Salah Baoendi started out his mathematical journey in Tunisia and so in that sense he was a minority. He rose to fame in France working in partial differential equations, and then specialized in several complex variables and moved to California. In France Salah learned bureaucratic technique. He was a micromanager and if he was convinced of the benefits and moral righteousness of a course of action, then he could pull all the stops and call in favors from his extensive network across the academic community in order to win any case. Since very few highly successful research mathematicians wanted to spend much of their time on administration, Salah was quite effective behind many a closed door and became popular because he could always score for the profession if needed such as when he headed up the commission to restore Rochester's mathematics department after some ignorant administrators thought they could do better without it. Salah was a long player, and made executive decisions whenever he saw fit. For example he liked to be seen to support undervalued women by inviting them to visit his department when they were in the States.

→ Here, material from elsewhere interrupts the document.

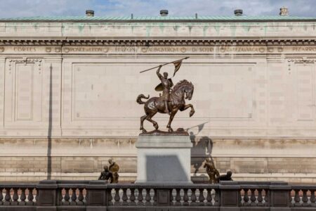 Desde un principio, Huntington tenía la intención de añadir esculturas a los edificios y asegurarse de su permanencia convirtiéndolas en monumentales obras de arte. En 1923, tras sus nupcias con la escultora Anna Vaughn Hyatt, comenzaron a tomar forma sus planes para colocar esculturas en Audubon Terrace. Dominando el espacio central de la explanada inferior de la Hispanic Society, encontramos la gigantesca estatua ecuestre de bronce de El Cid Campeador.

One time when there was a woman speaker in the analysis seminar, there was a question from a member of the audience and the speaker did not appear to know the answer so the person who asked the question rephrased it believing the speaker had not understood. Salah however intervened. "Let her go!" he commanded. He won another case, sparing the speaker humiliation of being seen to not understand their field, showing that Baoendi had departmental authority, and putting an end to an interruption that was wasting audience time. What he did not do however, was supply the answer to the fundamental question, which had been eclipsed, and forgotten by most.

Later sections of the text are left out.